Hudlin Entertainment

Tarantino Untamed

With his controversial slavery-themed action flick coming out this holiday season, the eccentric Oscar winning scribe proves that no subject is off limits.

By Amy Elisa Keith From Ebony Magazine

Quentin Tarantino isn’t afraid to start some ish. The director who scalped Nazis in Inglourious Basterds and destroyed Japanese mob bosses in Kill Bill is tackling American slavery by unleashing his brand of wildly imaginative storytelling on audiences once again with his new film, Django Unchained.

Set in the pre-Civil War South, Django, starring Jamie Foxx, Samuel L. Jackson, Leonardo DiCaprio and Kerry Washington, is part dramedy, part love story, part spaghetti Western and a whole lot of badass.

And as is the case in many of his previous films, it is not without controversy. After all, despite Django’s gritty and James Brown-squealing trailer, portraying slavery on the big screen is no laughing matter. On the other hand, if you think this a Roots remake, think again.

Tarantino sat down with EBONY to discuss popular misconceptions about the film and teaming back up with Jackson.

EBONY: What was your vision for Django Unchained?

TARANTINO: I set out to write a really heart-wrenching story of slavery in the antebellum South combined with an operatic, mythical spaghetti Western story of a Black man who is a slave. Then [we] see his mythical rise to not only become a man, but to also become a professional bounty hunter whoe would literally go into the mouth of hell to extract his princess.

EBONY: A lot skeptics are critical of your taking on slavery.

TARANTINO: I haven’t liked any of the representations of slavery that I’ve seen on film. So being touchy about what you’ve seen in the past and what could come out based on that past, [the skepticism] is totally understandable. I get that.

EBONY: Are you more confident about Django after doing Inglourious Basterds?

TARANTINO: One of the characteristics of my work is that I make you laugh at f—ed-up shit. I show things that aren’t funny and are f—ed up, then all of a sudden, against your will, I get you to laugh. The moment I get you to laugh, you’re a co-conspirator. [Laughs]

EBONY: How do you make slavery humorous?

TARANTINO: To me, there is no humor in slavery. There is no humor in the Holocaust; however, there can be humor in the course of the situation of the story you’re telling.

EBONY: On a scale of 1 to 10, how many n-bombs are viewers in for?

TARANTINO: Since the n-bomb is just the parlance of the day, there’s no limit.

EBONY: Is the mojo still there with Sam Jackson?

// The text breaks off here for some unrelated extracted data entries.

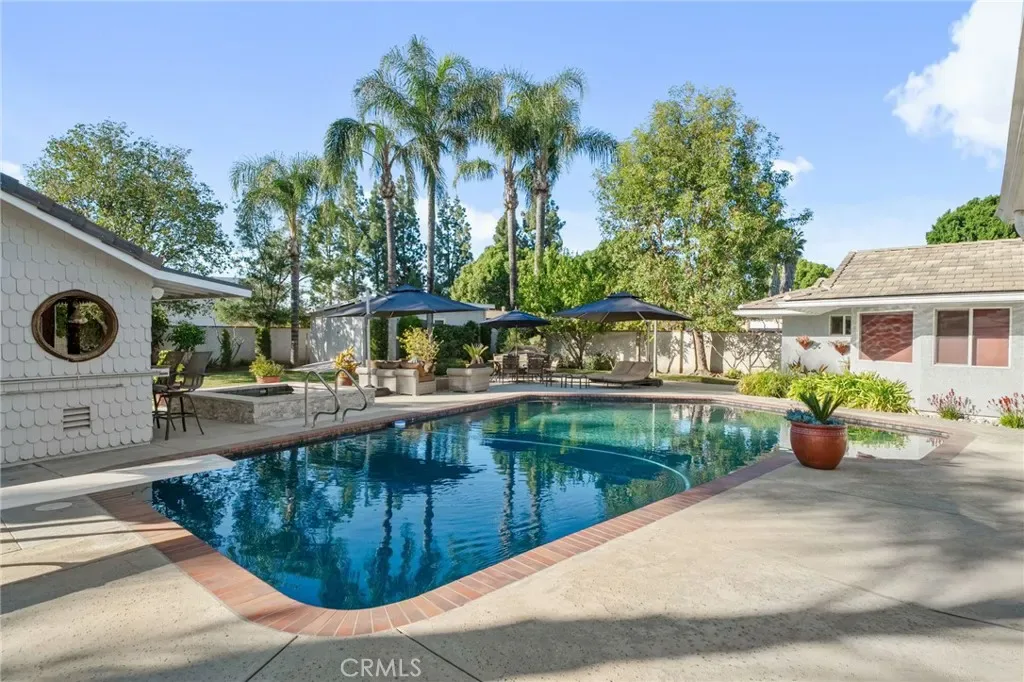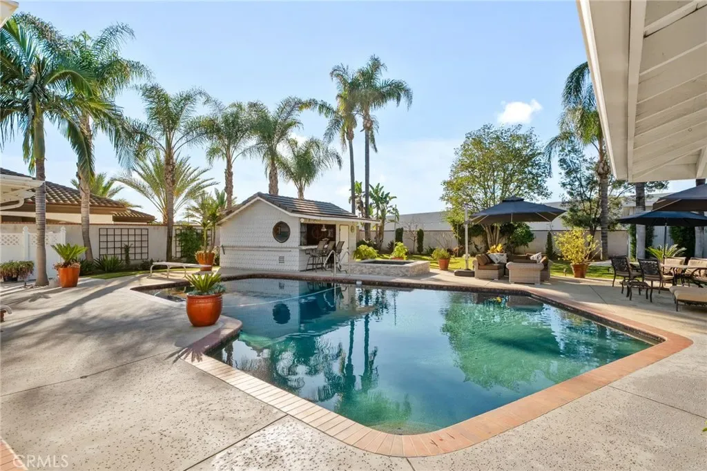 The home features a wet bar, workout room, sunroom, and a game room that could easily be converted into a separate ADU with its own entrance. The expansive primary suite overlooks the pool and backyard and includes a large walk-in closet and a spa-like bathroom with a jacuzzi tub.
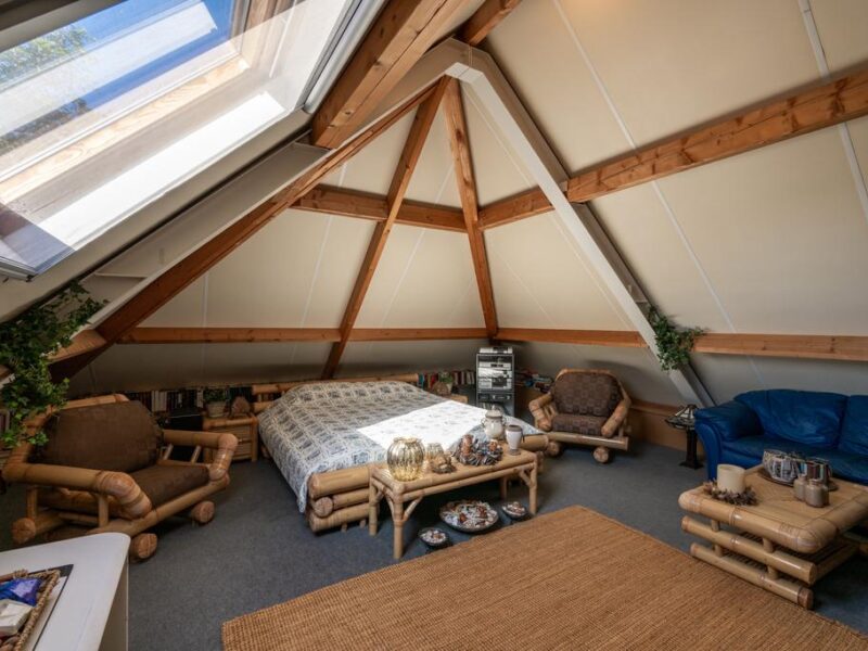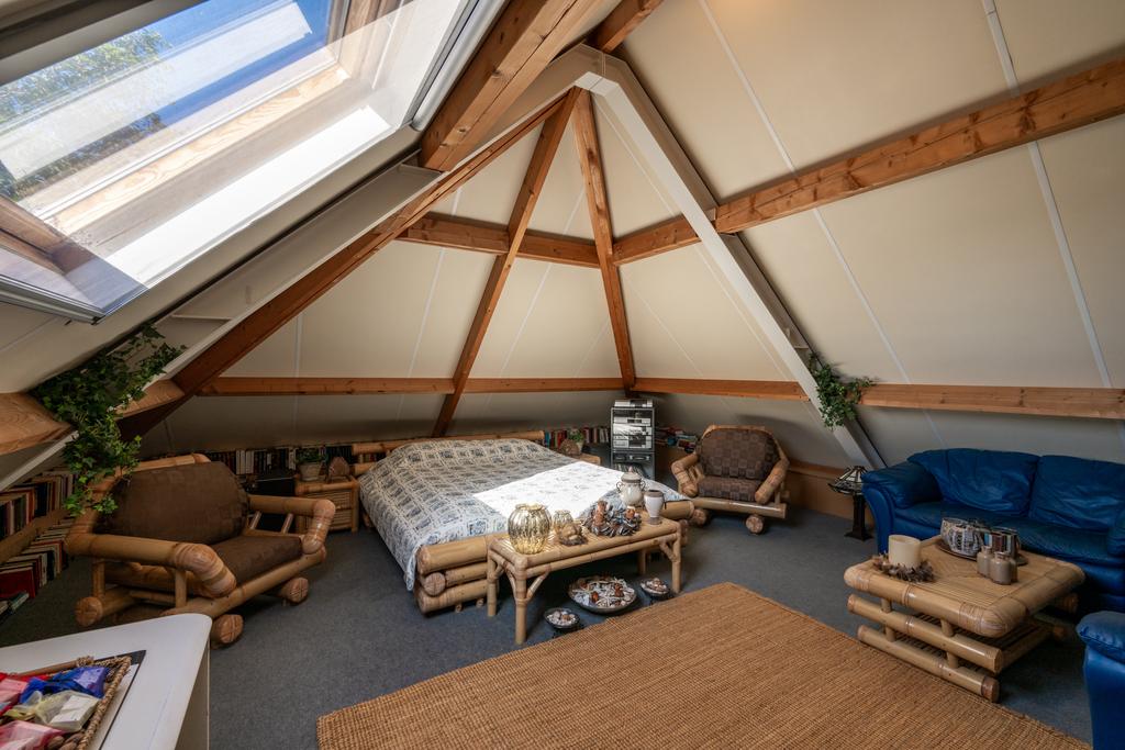 De MASTER bedroom bevindt zich aan de achterzijde van de woning. Het is een speels ingedeelde ruimte die open is tot in de nok en met de balken zichtbaar voor een optimale sfeerbeleving. Een groot DAKRAAM zorgt voor voldoende lichtinval. Het is een royale ruimte waar u naast een tweepersoonsbed bijvoorbeeld ook een heerlijke zithoek kunt plaatsen.
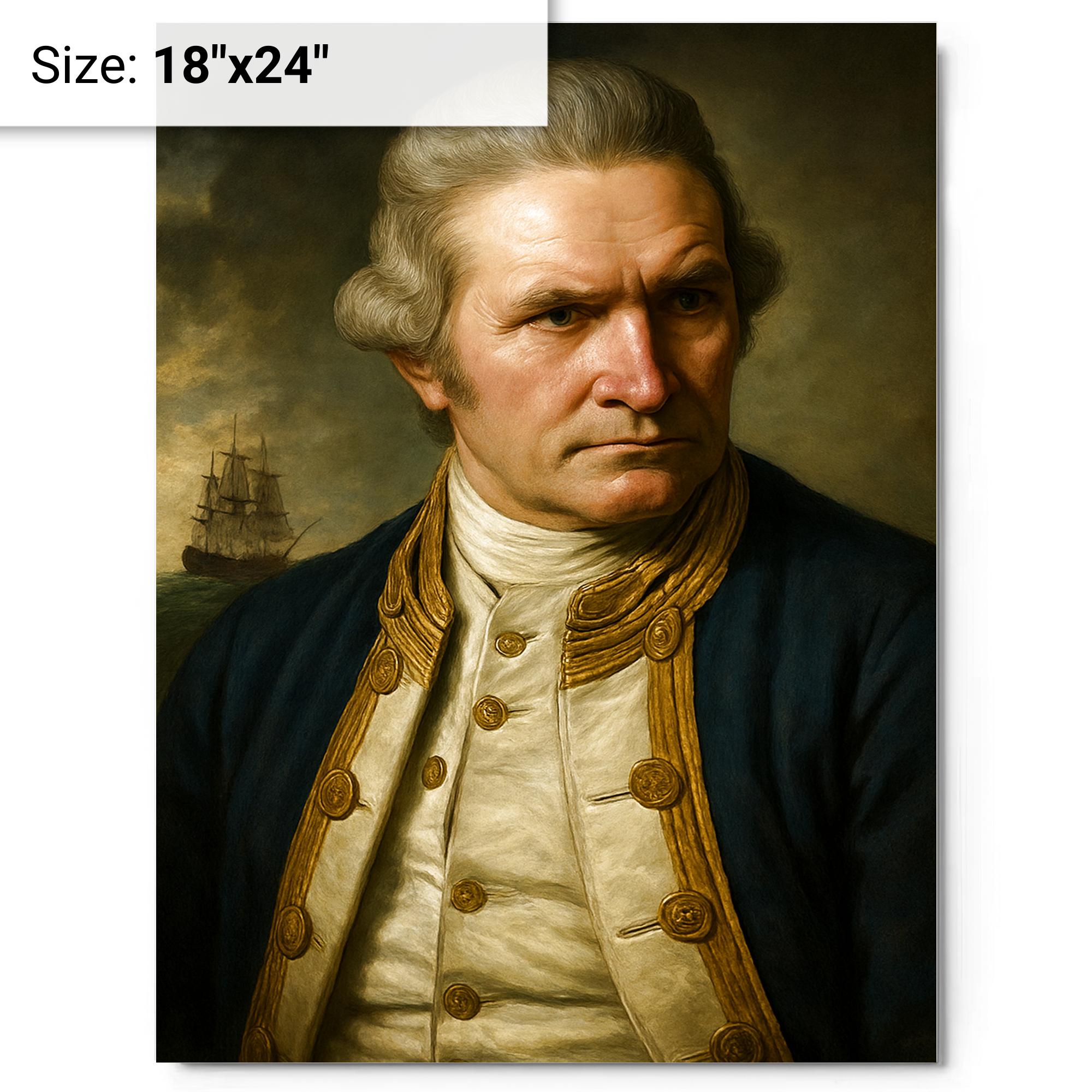 Captain James Cook Portrait Metal Print - Historic Maritime Wall Art, Nautical Explorer Decor
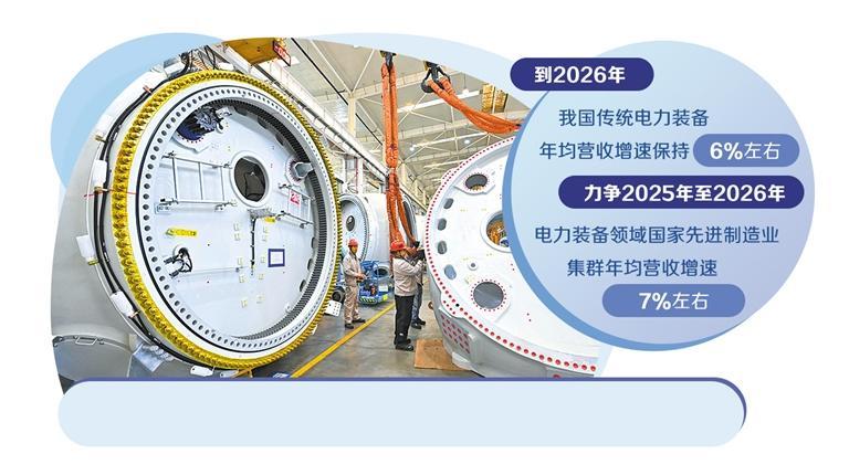 近期,工业和信息化部、市场监管总局、国家能源局联合印发《电力装备行业稳增长工作方案(2025—2026年)》(以下简称《方案》),提出到2026年,我国传统电力装备年均营收增速保持6%左右,新能源装备营收稳中有升。力争2025年至2026年,电力装备领域国家先进制造业集群年均营收增速7%左右,推动一批标志性装备攻关突破和推广应用。
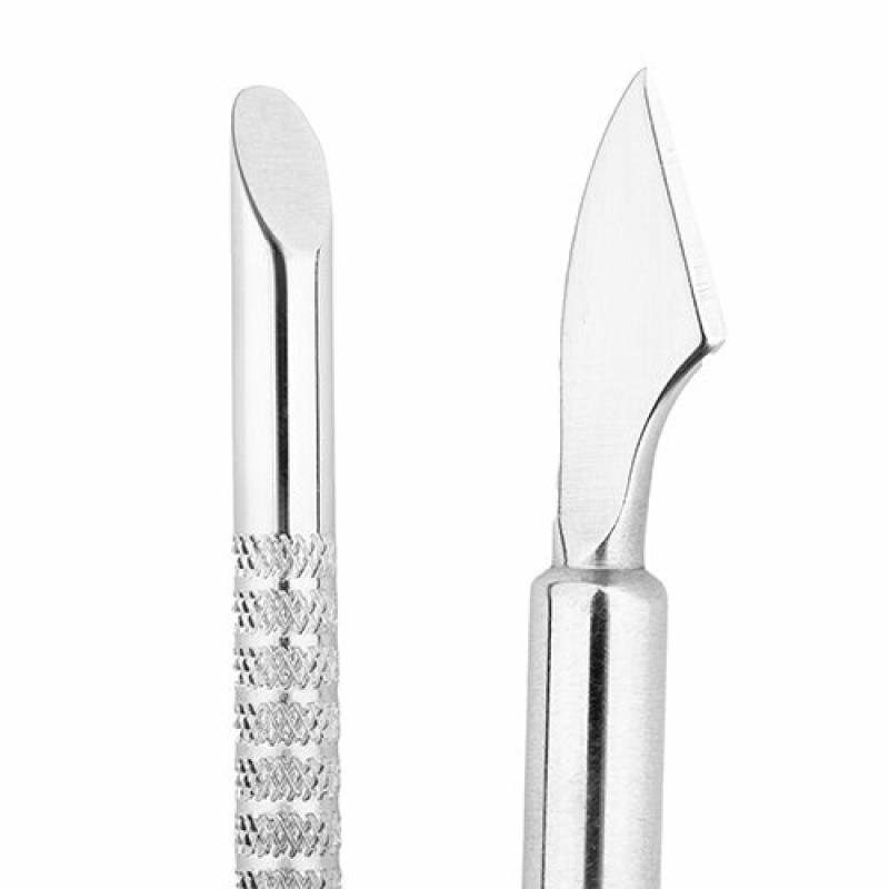 Маникюрный пушер в форме «апельсиновой палочки» или «копытца» является одним из самых популярных инструментов. Данная модель представляет собой комбинацию пушера P-04 (копытце) и пушера P-06, от которого взят второй рабочий край в виде топорика.
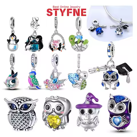 絶妙な 925 スターリングシルバーフクロウペンギンカメオウムかわいい動物クリエイティブチャームビーズフィットオリジナルブレスレット DIY ジュエリー
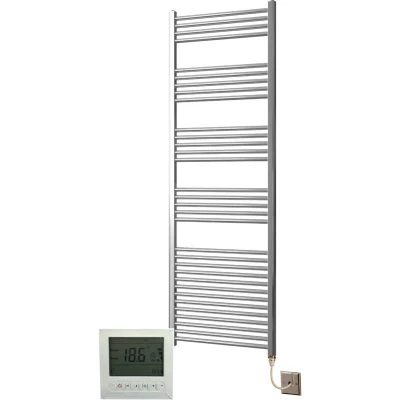 Greened House Electric Chrome 600W x 1800H Straight Towel Rail + Timer and Room Thermostat New Bathroom Rails

TARANTINO: Completely. Sam is such a theatrical beast. He really is. He just devours everything in his path. He’s the bull in the china shop, and everybody else is the china.

EBONY: Any reservations about making this film?

TARANTINO: Asking a lot of Black folks to do something very painful. I thought about getting non-Americans to do it. What stopped me was [going] out to dinner with Sidney Portier. I was telling him my thoughts, and he said, "For whatever reason, I believe that you were meant to tell this story. You just need to not be afraid of your own movie. You need to get over being afraid."

EBONY:  Favorite scene?

TARANTINO: It’s the sequence at Don Johnson’s plantation when Django tracks down the overseers who f—ed over him and his wife. To actually see a slave wipe out overseers is crazy catharthic.